CRL files in the SSLCARevocationPath directory must be hashed. You can find the instructions to hash a CRL in Oracle Application Server Administrator's Guide, Section 15.2.5.2.1, "Renaming CRLs with a Hash Value for Certificate Validation." Note that orapki creates a file with a ".rN" extension. SSLCARevocationPath will not work with this extension and it is still possible to access with a revoked certificate. To get it to work with Oracle HTTP Server, change the extension from ".rN" to ".r0".

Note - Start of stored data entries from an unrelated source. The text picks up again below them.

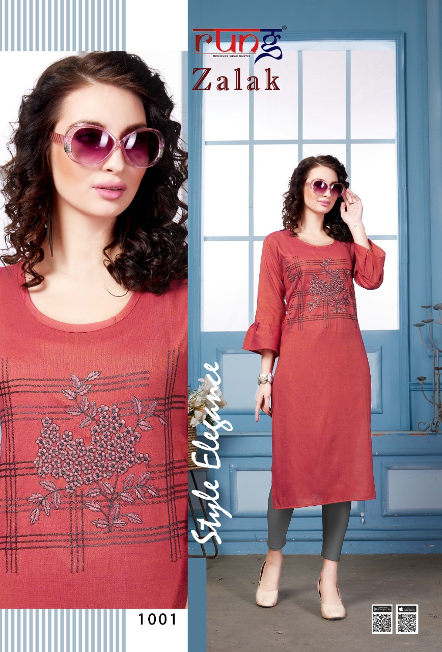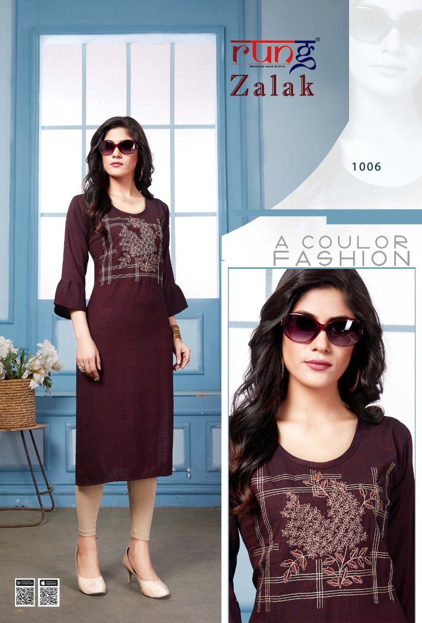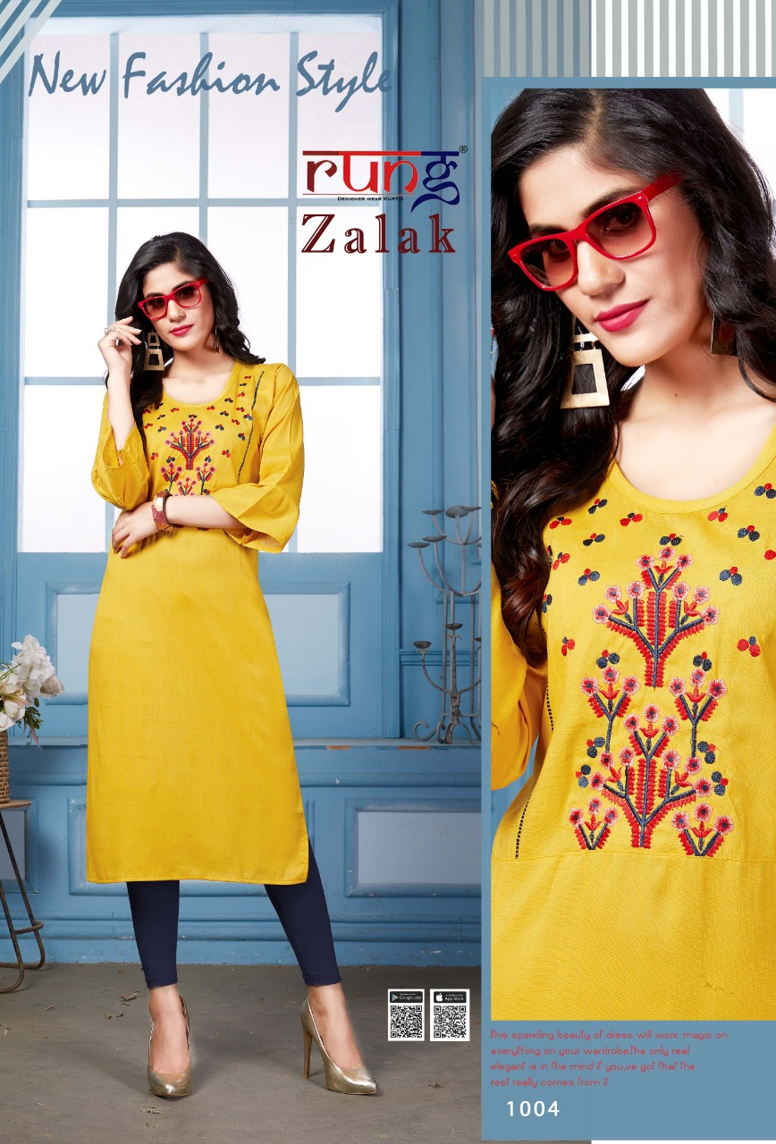 Zalak By Rung Rayon Embroidery Formal Wear Kurti Seller
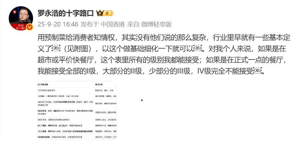 9月20日下午,罗永浩发布微博称,“用预制菜给消费者知情权,其实没有他们说的那么复杂,行业里早就有一些基本定义了,以这个做基础细化一下就可以。”
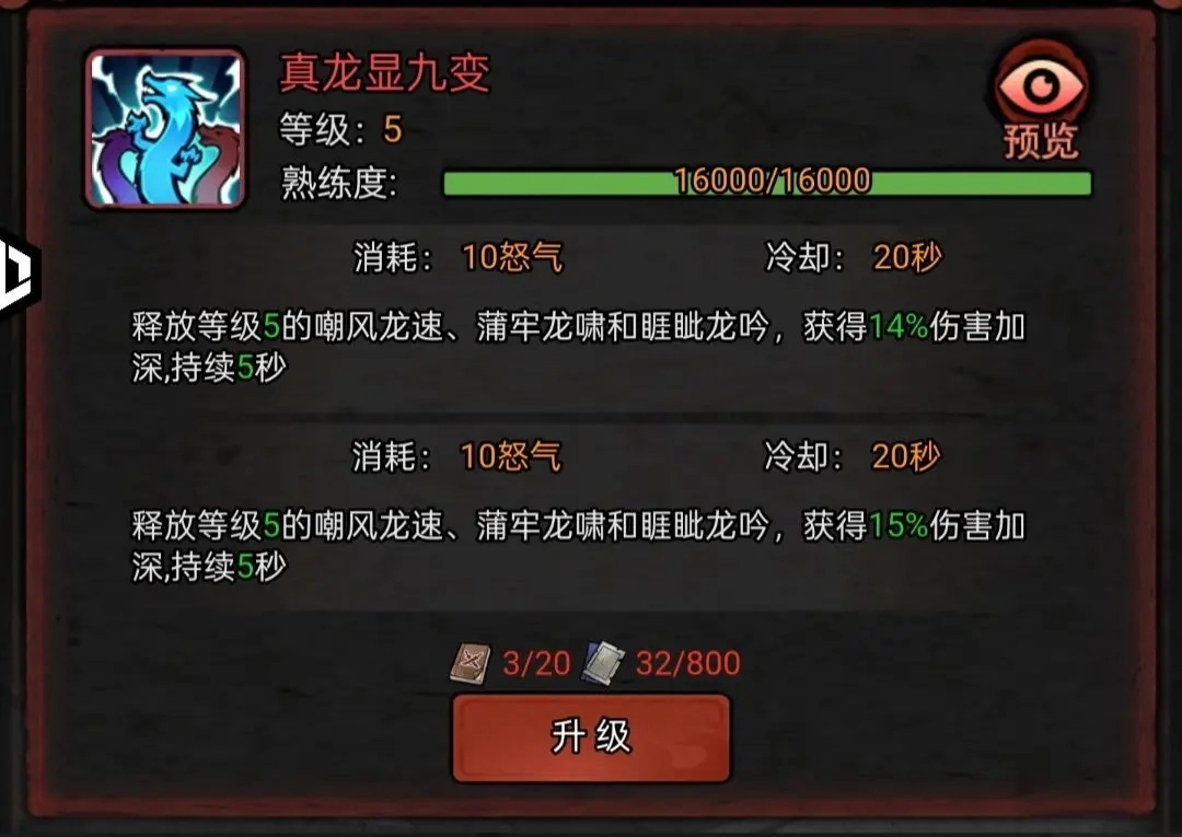 唯一真神,买一赠三,每5级提升三个技能的等级,集CD短、消耗低、爆怒气(龙吟)、吸血、范围伤害、加攻速于一体的神技!

SSLCARevocationPath can be used alternatively and/or additionally to SSLCARevocationFile.
The Web site provided for additional information on mod_php extensions was incorrect. The correct Web site is
Table 10-1, "SSLCipher Suite Tags", in the Oracle HTTP Server Administrator's Guide listed incorrectly the aliases for the 40-bit and the 56-bit export ciphers.
For 40-bit export cipher, do not use EXP40. Use EXPORT40 instead.
For 56-bit export cipher, do not use EXP56. Use EXPORT56 instead.